RECORDS SUPPLIED:
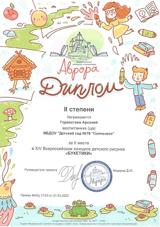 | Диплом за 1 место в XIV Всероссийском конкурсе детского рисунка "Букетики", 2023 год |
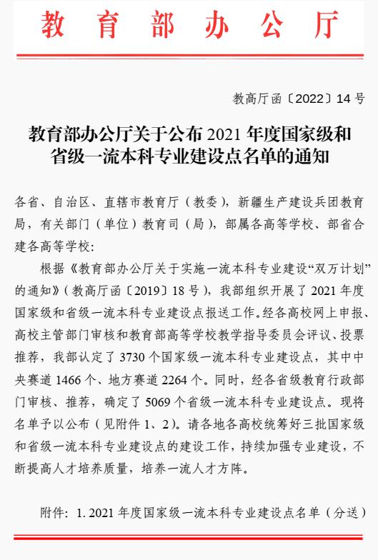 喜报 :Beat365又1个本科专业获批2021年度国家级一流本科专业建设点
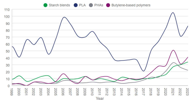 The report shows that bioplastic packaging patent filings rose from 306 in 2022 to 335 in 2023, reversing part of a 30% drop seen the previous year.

...

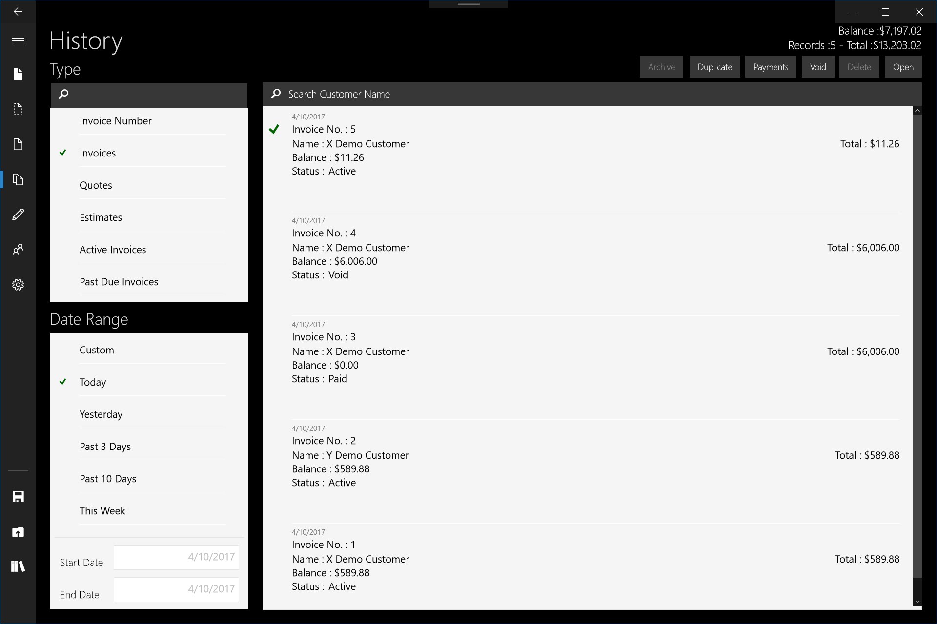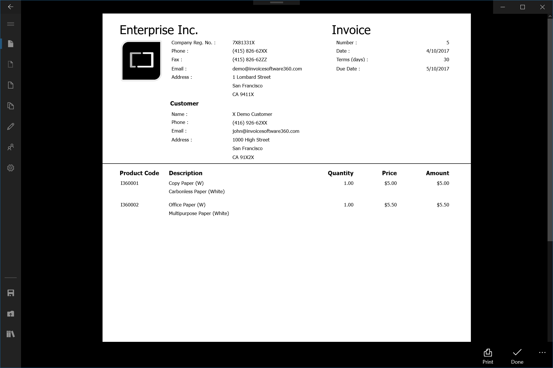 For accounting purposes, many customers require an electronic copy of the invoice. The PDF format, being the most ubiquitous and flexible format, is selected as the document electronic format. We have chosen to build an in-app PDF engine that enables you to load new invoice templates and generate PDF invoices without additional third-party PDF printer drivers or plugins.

* * *

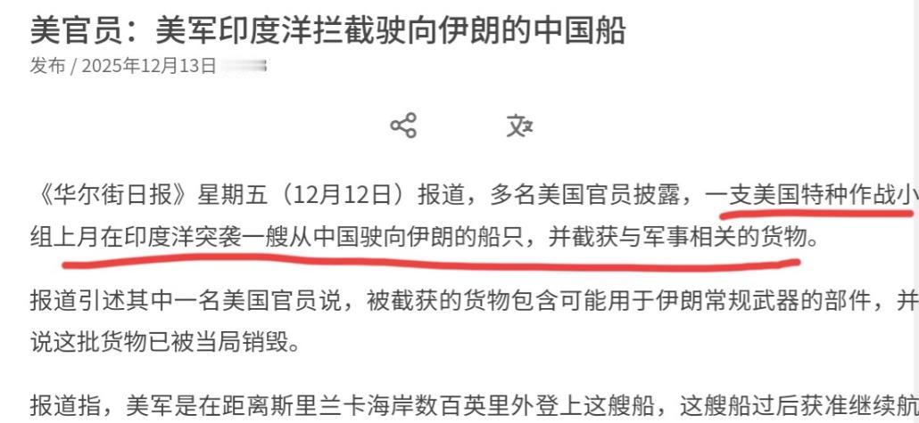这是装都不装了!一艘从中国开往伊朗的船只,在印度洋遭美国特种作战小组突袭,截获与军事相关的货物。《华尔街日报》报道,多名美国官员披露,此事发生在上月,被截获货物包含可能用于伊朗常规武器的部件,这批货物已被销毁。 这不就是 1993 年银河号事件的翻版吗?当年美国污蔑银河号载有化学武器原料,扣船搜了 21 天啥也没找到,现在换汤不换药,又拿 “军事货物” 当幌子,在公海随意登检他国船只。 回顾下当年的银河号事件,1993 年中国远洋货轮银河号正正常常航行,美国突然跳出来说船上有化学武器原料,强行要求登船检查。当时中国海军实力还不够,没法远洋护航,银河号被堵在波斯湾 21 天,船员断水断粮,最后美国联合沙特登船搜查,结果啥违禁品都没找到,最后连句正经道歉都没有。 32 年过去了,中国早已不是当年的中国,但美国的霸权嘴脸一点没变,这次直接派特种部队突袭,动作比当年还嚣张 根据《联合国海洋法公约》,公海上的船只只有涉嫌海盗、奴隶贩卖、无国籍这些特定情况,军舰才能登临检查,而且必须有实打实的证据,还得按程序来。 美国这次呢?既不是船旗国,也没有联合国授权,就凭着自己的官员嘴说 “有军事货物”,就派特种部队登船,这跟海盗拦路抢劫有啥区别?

ASSIGNED TASK: With the pictures left out, write out exactly the lines above from the one containing "Диплом за 1" through the one containing "The report shows".

WRITTEN SOLUTION:
 | Диплом за 1 место в XIV Всероссийском конкурсе детского рисунка "Букетики", 2023 год |
 喜报 :Beat365又1个本科专业获批2021年度国家级一流本科专业建设点
 The report shows that bioplastic packaging patent filings rose from 306 in 2022 to 335 in 2023, reversing part of a 30% drop seen the previous year.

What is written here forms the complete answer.